In Models 2 and 3, the location parameter, \(\mu _{f,st},\) and the probability of zero, \(p_{st}\), are functionally related, which they are not in Models 0 and 1. Consequently, Models 2 and 3 require fewer parameters than Models 0 and 1, which can be advantageous for small datasets. According to Model 2, the probabilities of zero depend only on the treatments, whereas according to Model 3, they depend also on the blocks.

3.2 The Distribution of \(Y \in (0,\infty )\)

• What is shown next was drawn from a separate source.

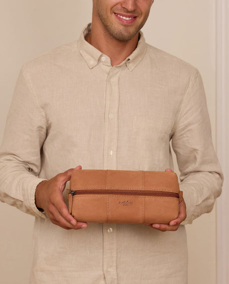 Goatskin toiletry bags are initially somewhat stiffer, but with regular use, they quickly become very supple and soft. Models made of cowhide or buffalo leather, on the other hand, are somewhat more dimensionally stable due to the naturally stronger material. Even after some time, this leather still feels somewhat firmer, although these bags will naturally soften somewhat.

In Models 0–3, \(f(y_{st}| \varvec{\lambda })\) is either a gamma or a lognormal distribution. Parametrized by the mean, \(\mu _{f,st}\), and the shape or dispersion parameter, \(\phi \), the gamma distribution is

$$\begin{aligned} f(y_{st}|\mu _{f,st},\phi )= & {} \frac{1}{\Gamma (\phi )} \left( \frac{\phi }{\mu _{f,st}} \right) ^{\phi } y_{st}^{\phi -1} \exp \left\{ -\frac{\phi \, y_{st}}{\mu _{f,st}}\right\} . \end{aligned}$$
(12)

Parametrized by the median, \(\mu _{f,st}\), and a dispersion parameter, \(\phi \), the lognormal distribution is

$$\begin{aligned} f(y_{st}|\mu _{f,st},\phi )= & {} \frac{1}{y_{st} \, \phi \, \sqrt{2 \pi }} \exp {\left[ -\frac{(\log (y_{st})-\log (\mu _{f,st}))^{2}}{2 \, \phi ^{2}} \right] } \text{. } \end{aligned}$$
(13)

Note that in (12), \(\mu _{f,st}\) is the mean of the distribution, whereas in (13), \(\mu _{f,st}\) is the median of the distribution. Under distribution (13), \(\log (y_{st})\) is \(\text {N}(\log (\mu _{f,st}), \phi ^2)\), and the mean of \(y_{st}\) is \(E(y_{st}) = \exp (\phi ^2/2)\mu _{f,st}\). Under distribution (12), however, the median has no simple closed form. The lognormal distribution enables modelling the median instead of the mean.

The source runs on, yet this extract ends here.